Today’s
excerpt is from Tears And Terrorists, Book #4 of the nine-book Asps
Series. Dusty and Ike set out to meet
the C-130 bringing the rest of the team and friends. Enjoy and have a great day.
m.j.
Even as that
conversation was going on, Jim and Dusty were just finishing their conversation
about where Wendy should land, and when.
Dusty felt he and Ike—or one of them—could sneak away from the hotel by
ten and, traveling at night, it would take them about two hours to reach the
stronghold of the insurgents. He also
told Jim the site he had spotted for Wendy to land was probably two
miles short of the camp, and a mile east of the road…more of a path he told
Jim. Jim asked, “What means ‘probably’?”
“Didn’t get a
chance to actually go there. But am
pretty sure the way the land lays, there could be a good spot over a ridge,
running parallel to the dirt path to the camp.”
Jim just
laughed. “I hope you’re right. Bear says you’ve got GPS in your head…we’ll
see.”
At nine that
night, Dusty and Ike went out the back of the hotel and stole a Land Rover they
found parked there. In addition to their
Asps, they both brought their night vision gear and another GPS device. As Dusty drove the Land Rover, Ike joked,
“You’re pretty good at stealing cars.”
“This isn’t a
car—it’s a Land Rover.”
“Yeah, right.”
“We learn all
manner of things in the SEALs…including how to improvise transportation if
things go in the dumper.
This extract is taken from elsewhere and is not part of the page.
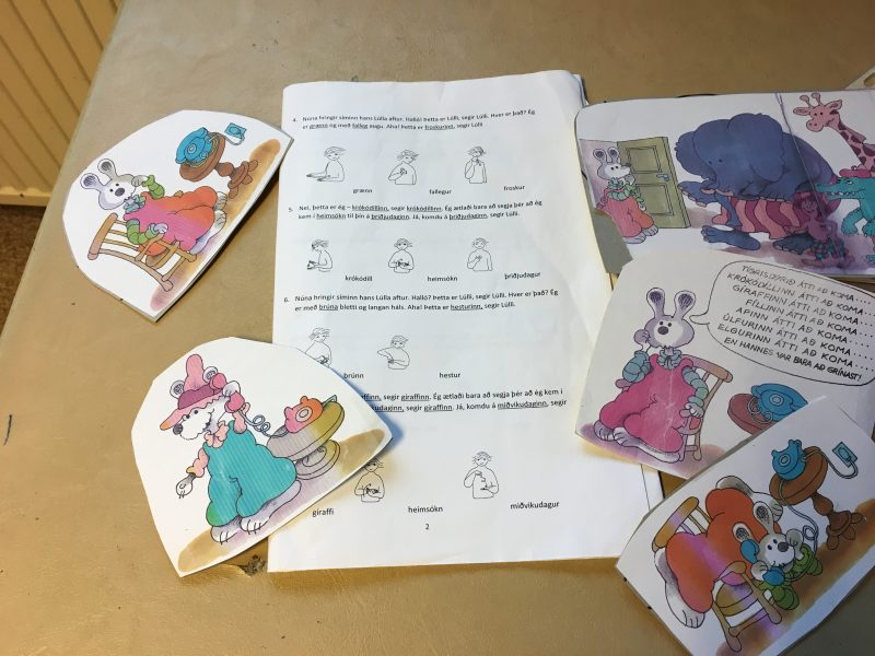 Eins og sést hérna á myndinni, þá er búið að gera loðtöflusögu eftir einni Lúlla bók. Textinn er síðan settur upp með TMT myndum, þannig að kennarinn geti gert táknin um leið og sagan er sögð. Auðvitað eru börnin hvött til að gera táknin með kennaranum og segja orðin.

Didn’t think it
was a good idea to rent something that might be known to our ‘new employers’.”
“Oh, I agree—but
just the same, you sure were slick getting into this thing and getting it
started. I missed that part of Boris and
Drew’s training.”
“Wasn’t
them. I told you…SEALs.”
“The Army didn’t
teach us in Special Forces anything about stealing cars.”
“Probably
figured everyone in the Army could steal a car without being shown how, once
they were in.”
“Oh, you’re real
funny…squid.”
Once well away
from the capital city, they pulled off the road, disconnected the lights on the
Land Rover, and put on their night vision gear.
Then drove on until sure they were about two miles from the camp. Both men had watched the countryside carefully
as they drove back and forth, and both were sure where they were. Dusty pulled off the side of the road and
pulled into the only real vegetation in the area. He set out on foot, leaving Ike with the Land
Rover. Ike’s story, if discovered, was he
was there to check on how the sentries he’d placed were doing, and had stopped
where he was to go forward on foot.
Dusty went over
the ridge he had told Jim about and could see a nice flat, barren place for
Wendy to land. He called Jim and told
him he was at the new ‘International Airport of Namibia’ and Wendy could follow
the GPS signal right on in. He gave Jim
the code of the GPS device. After that,
Jim told him they were already in the air and would probably be there within
the hour.
Dusty smiled at
the timing. Had he and Ike waited until
ten, they would have timed it almost perfectly, but he had decided there was
the small matter of transportation and he didn’t count on having said
transportation within ten minutes of exiting the hotel. He walked back to Ike to inform him of when
the C-130 would be landing, then went back to the top of the ridge. As an afterthought, he went back down to the
Land Rover and rooted around in the back, until he found three roadside
flares. He took those and headed back to
his designated landing strip. Ike just
laughed when he saw what Dusty was doing, but said nothing.